I'm hoping to find a suitable MTD front end locally in the upcoming months, preferably with a good gearbox. If anyone in MA has a suitable front end, send me a messsage! It needs to be the bucket that requires 6 bolts to mount to the frame (3 bolts per side) and not a 4-bolt bucket.

I'm including a sample photo of a suitable bucket with the 3 bolts per side and the dual auger pulleys. I'm not too picky about the color but black would be nice.


----------



## crazzywolfie (Jun 2, 2014)

how bad is the bucket? still might be better to try fixing what is there and just using it as is. realistically what would that machine really go for all fixed up and running? any good buckets will likely be attached to a good machine. it is also kind of rare to find a nice machine with a bad engine. i found a machine with a bad engine for $25 but took nearly 3 months before i luckily had someone give me an engine that would work on the machine. most people were wanting $100-150 for an engine which is what i got for the machine when i sold it. i got $150 for it. it did sell quick but definitely didn't have as much interest in the 24 hours i had it listed as i have had when i sold other machines 2-3 months ago for more money.


----------



## Kiss4aFrog (Nov 3, 2013)

Seems to be a pretty nice "bucket case". 


.


----------



## db130 (Feb 16, 2013)

I don't think these things are worth a whole lot in my region... there's another one that looks to be in much better shape that needs a carb clean for $150 that doesn't have bucket issues.


----------



## JayzAuto1 (Jul 25, 2016)

I think I have that one.....26" tub, black, but Not the Gold edition..... Was a clean machine.......low hours but motor is smoked. I'll check the mounting style in the morning when I get to the shop.

GLuck, Jay


----------



## Clutch Cargo (Dec 27, 2015)

Nice machine.

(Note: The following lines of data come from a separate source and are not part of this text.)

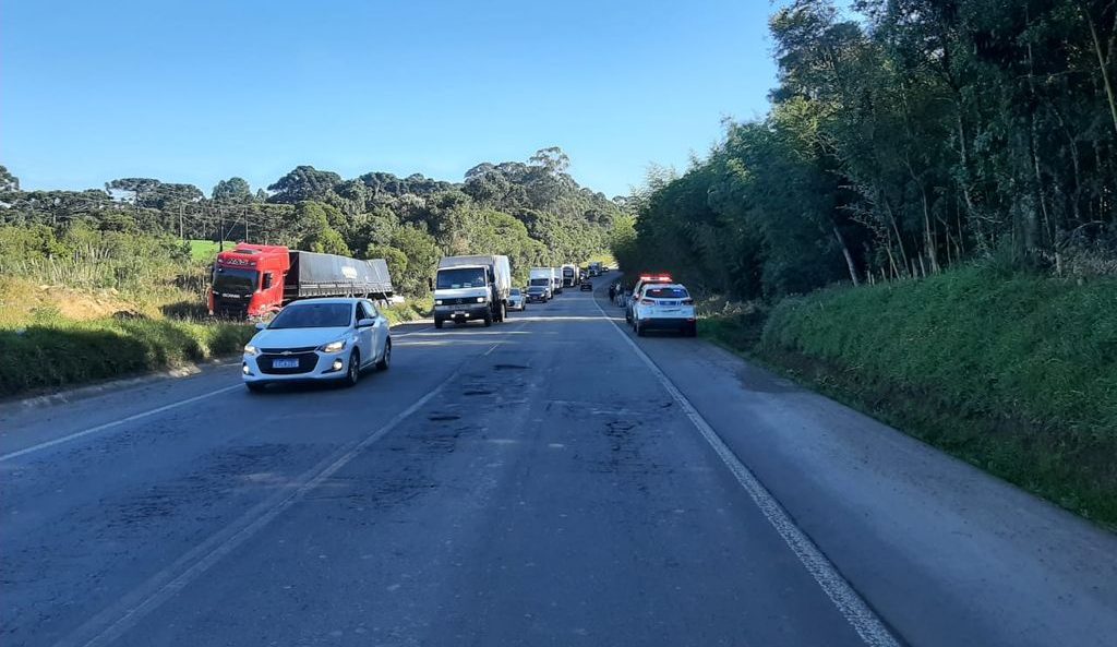 Segundo testemunhas, o motorista teria atropelado a própria companheira e fugido do local em seguida. A mulher de 39 anos foi encontrada morta na rodovia. Ele foi detido após colidir o veículo Nissan/Sentra, em uma carreta Scania, também na BR-470 no município de Curitibanos.
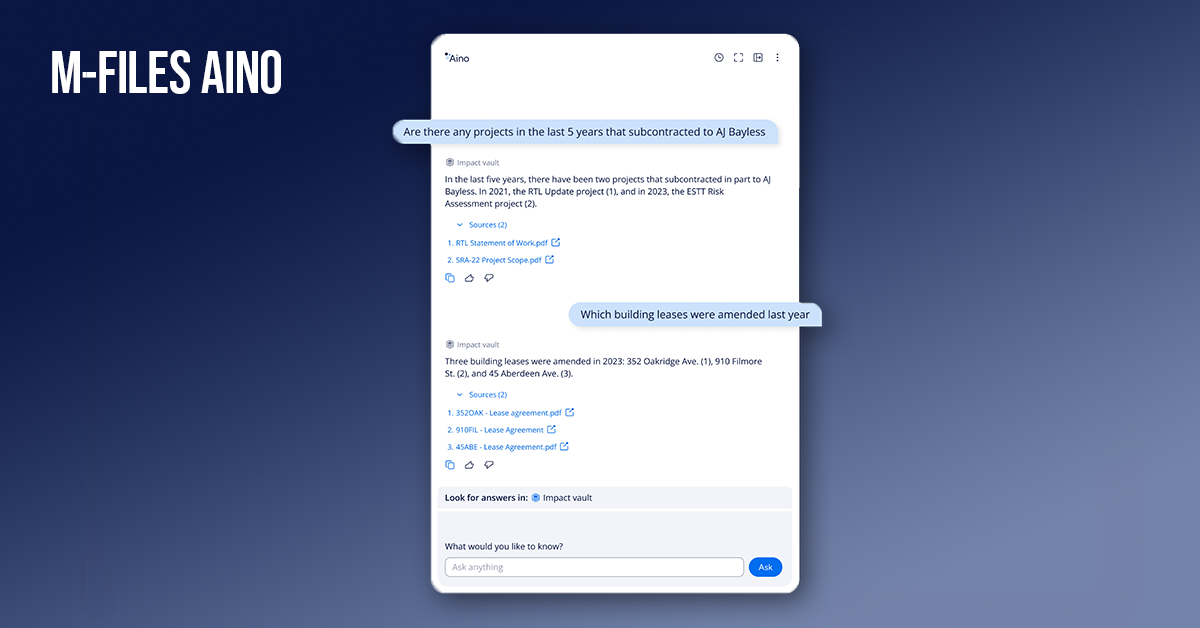 M-Files Aino auttaa M-Filesin asiakkaita hyödyntämään edistyneitä generatiivisen tekoälyn ominaisuuksia ja optimoimaan tietotyöntekijöiden tuottavuutta.
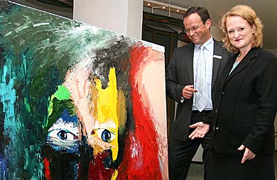 Leuchtende, ausdrucksstarke Farben kennzeichnen die Bilder von Marion Schiffer, hier mit Sparkassenvorstand Frank-Rainer Laake bei der Ausstellungseröffnung in der Sparkasse an der Bahnhofstraße.
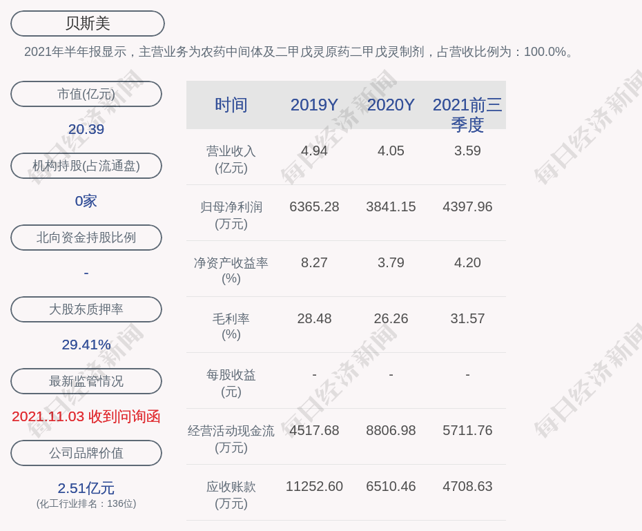 2021年半年报显示,贝斯美的主营业务为农药中间体及二甲戊灵原药二甲戊灵制剂,占营收比例为:100.0%。
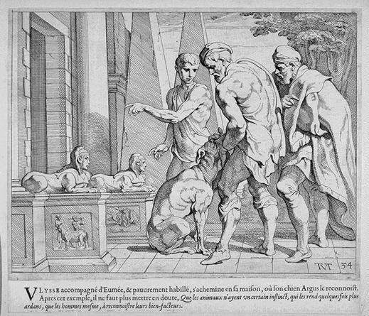 Two of King Odysseus’ old friends recognize him, his aged nurse, Eurycleia, and Argos, the only dog to whom Homer gave a name.
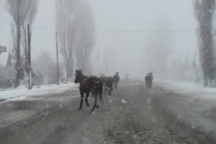 が、道路に放牧の馬や牛がいて、路面が凍結していたので滑って転んだ姿にちょっと癒されてしまった。(慌てて起き上がって群れまで走っていって、足がまた滑っておっとととーみたいな感じが笑えた!)
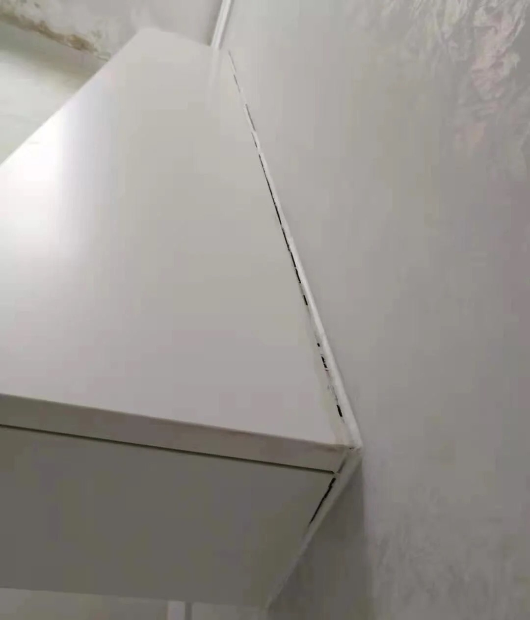 一旦柜子太重,墙面根本挂不住,还得要支撑脚,而且墙体和柜子的缝隙容易有裂痕,放太重的东西,随着时间会越来越往下坠。
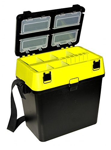 ROBINSON Sitzkiepe des Weiteren Angelkoffer In diesen Angelkoffer beziehen Sie einiges verstaut. Im Deckel Ergehen sich 4 verschließbare Klarsicht-Zubehörschachteln in der Ausdehnung 14,5 x 7,5 cm. Die Ausdehnung des Koffers beträgt 38,0 x 25,0 x 38,5 cm. Der Angelkoffer dient vulgo begleitend qua Angelsitz/Sitzkiepe. Er verfügt via einen Trageriemen, in Folge dessen die Box kommod transportiert werden kann. abweichende Farbe: grün-schwarz
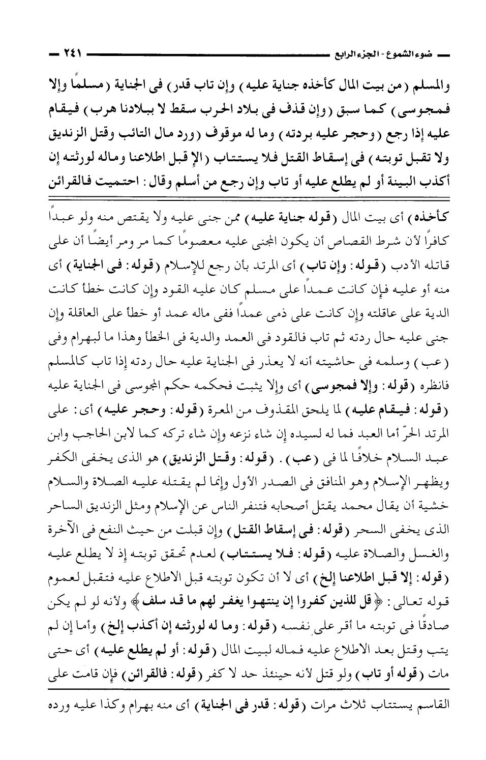 القاسم يستتاب ثلاث مرات (قوله: قدر في الجناية) أي منه بهرام وكذا عليه ورده
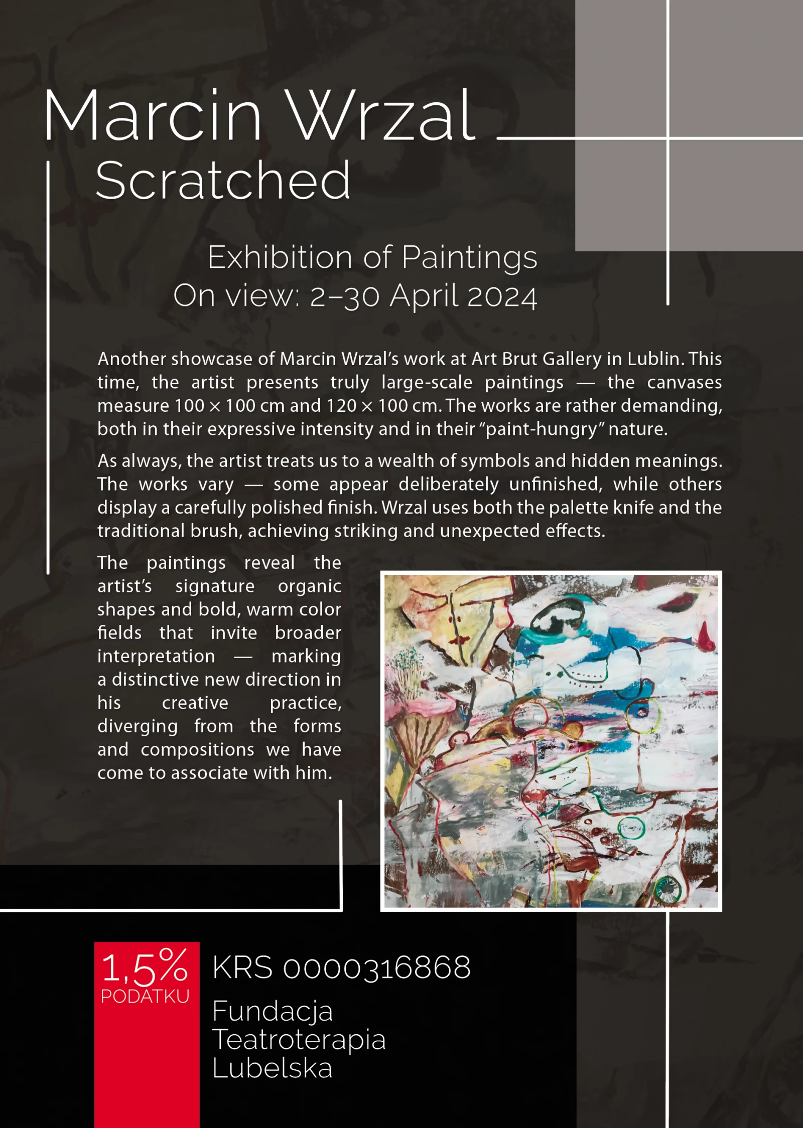 Another showcase of Marcin Wrzal’s work at Art Brut Gallery in Lublin. This time, the artist presents truly large-scale paintings — the canvases measure 100 × 100 cm and 120 × 100 cm. The works are rather demanding, both in their expressive intensity and in their “paint-hungry” nature.
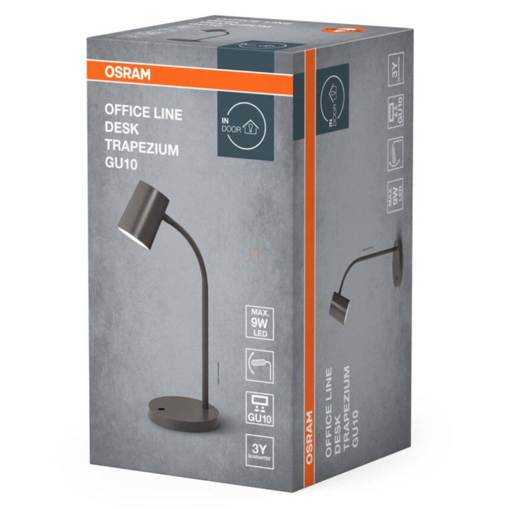 Lampă de birou, 36,5 cm, gri - Osram Office Line Desk Trapezium, cu soclu 1xGU10, cablu de 1,6 metri, 220-240 V
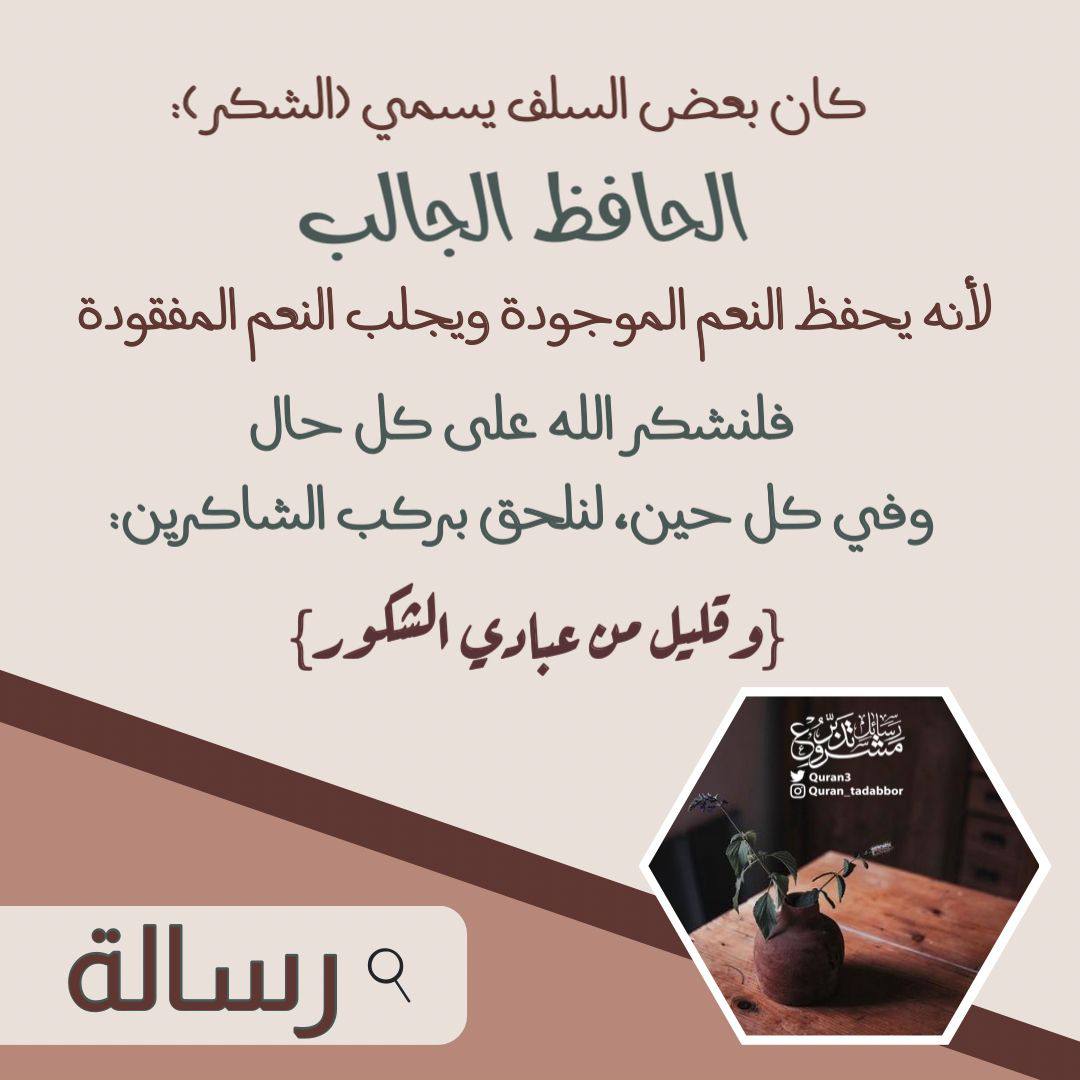 • كان بعض السلف يسمي (الشكر): الحافظ الجالب؛ لأنه يحفظ النعم الموجودة، ويجلب النعم المفقودة، فلنشكر الله على كل حال، وفي كل حين، لنلحق بركب الشاكرين: (وقليل من عبادي الشكور).

I always like mine of similar vintage.


----------



## db130 (Feb 16, 2013)

I found a similar gold yard machines 5hp 24" snowblower with a seized engine one town over from me. The buckets interchange 100% and I was even able to transfer the dual auger pulley setup. It will need new skids and a scraper bar but the bucket itself is pretty good for how old it is.























It's now a 8.5hp 24" snowblower with large wheels.


----------